NVSentinel Overview

View as Markdown

What it is

NVSentinel is a GPU fault detection and remediation system for Kubernetes. It monitors GPU health, system logs, and cloud provider maintenance events, then takes action: cordoning faulty nodes, draining workloads, and triggering break-fix workflows. The full pipeline runs without human intervention.

NVSentinel is running across AWS, GCP, Azure, and OCI on clusters up to 1,100+ nodes and ~40,000 GPUs, processing tens of millions of health events per month. NVIDIA internal deployments run with full remediation enabled by default.

The problem

GPU failures in large clusters are expensive and disruptive. A single faulty GPU can corrupt training results silently, crash a multi-day distributed job, or leave hundreds of GPUs idle while an operator investigates. Traditional monitoring detects the problem but does not fix it. The gap between detection and remediation is where GPU-hours are wasted and operators get paged.

NVSentinel closes that gap. Detection, quarantine, drain, and remediation happen automatically, typically completing in minutes rather than the hours or days that manual intervention requires.

How it works

NVSentinel is built as a set of independent modules that coordinate through a shared data store and the Kubernetes API. No module communicates directly with another.

Health monitors detect faults and send structured health events to the system:

  • GPU health monitor watches for thermal issues, ECC errors, and XID events via DCGM
  • Syslog health monitor parses system logs for kernel panics, driver crashes, and NVLink errors
  • CSP health monitor polls cloud provider APIs (AWS, GCP, Azure, OCI) for scheduled maintenance and hardware events
  • Kubernetes object monitor evaluates CEL expressions against any Kubernetes resource to generate health events from custom signals

Platform connectors receive health events via gRPC, validate them, persist them to the data store, and update Kubernetes node conditions.

Preflight (optional) is not part of the health-event pipeline. A mutating webhook injects GPU diagnostic init containers at pod admission so bad hardware is caught before the workload starts. Multi-node checks can use gang discovery (native Workload API or PodGroup-style schedulers) and ConfigMap coordination.

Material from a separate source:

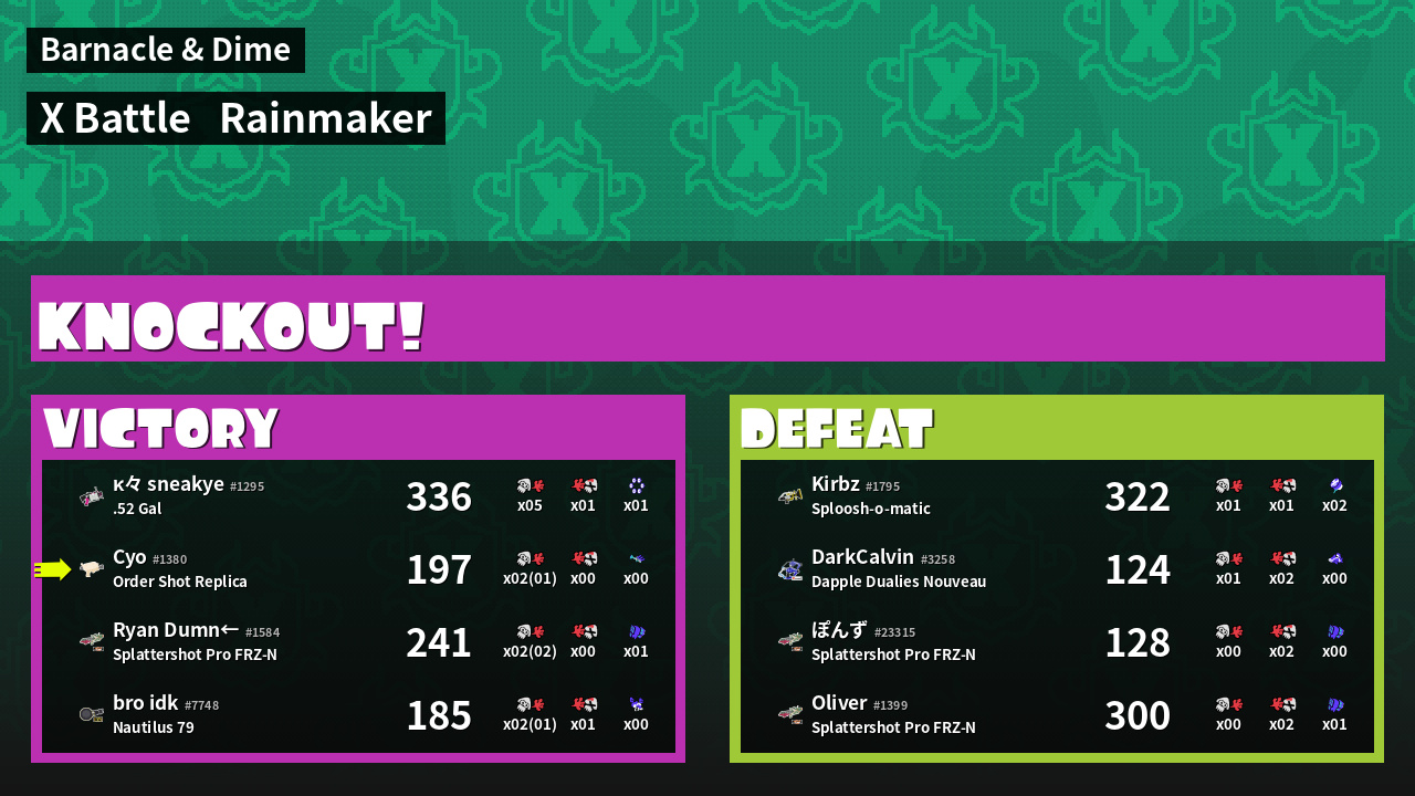 | Mode | Rainmaker - X Battle | ||

See Preflight configuration and ADR-026.

Core modules watch the data store for new events and act independently:

  • Fault quarantine cordons nodes based on configurable CEL rules, with a circuit breaker to prevent mass quarantines during cluster-wide events
  • Node drainer gracefully evicts workloads with per-namespace eviction strategies (immediate, allow-completion, or delete-after-timeout)
  • Fault remediation creates maintenance CRDs (GPU reset or node reboot) after drain completes, and collects diagnostic logs
  • Janitor executes the maintenance action via cloud provider APIs or direct node commands
  • Health events analyzer identifies patterns across events and generates recommended actions
  • Labeler tags nodes with DCGM and driver versions so other modules can self-configure

GPU reset

For recoverable GPU faults, NVSentinel can reset individual GPUs instead of rebooting the entire node. The GPU health monitor identifies reset-eligible errors, fault remediation creates a GPUReset CRD, and the janitor executes it. This reduces remediation time from minutes (reboot) to seconds (reset) while keeping other GPUs on the node operational.

Storage

NVSentinel supports MongoDB and PostgreSQL as database backends. Both provide change streams for real-time event processing. MongoDB uses native change streams. PostgreSQL uses LISTEN/NOTIFY. All health events are persisted with full audit trails.

Getting started

$helm install nvsentinel oci://ghcr.io/nvidia/nvsentinel \
> --version v1.0.0 \
> --namespace nvsentinel \
> --create-namespace

By default, only health monitoring is enabled. This is safe to deploy in any cluster as it only observes and reports. Enable fault quarantine, node drainer, and fault remediation via Helm values as you build confidence in the system’s behavior in your environment. Preflight is disabled by default; turn it on with global.preflight.enabled when you want admission-time GPU checks (configuration guide).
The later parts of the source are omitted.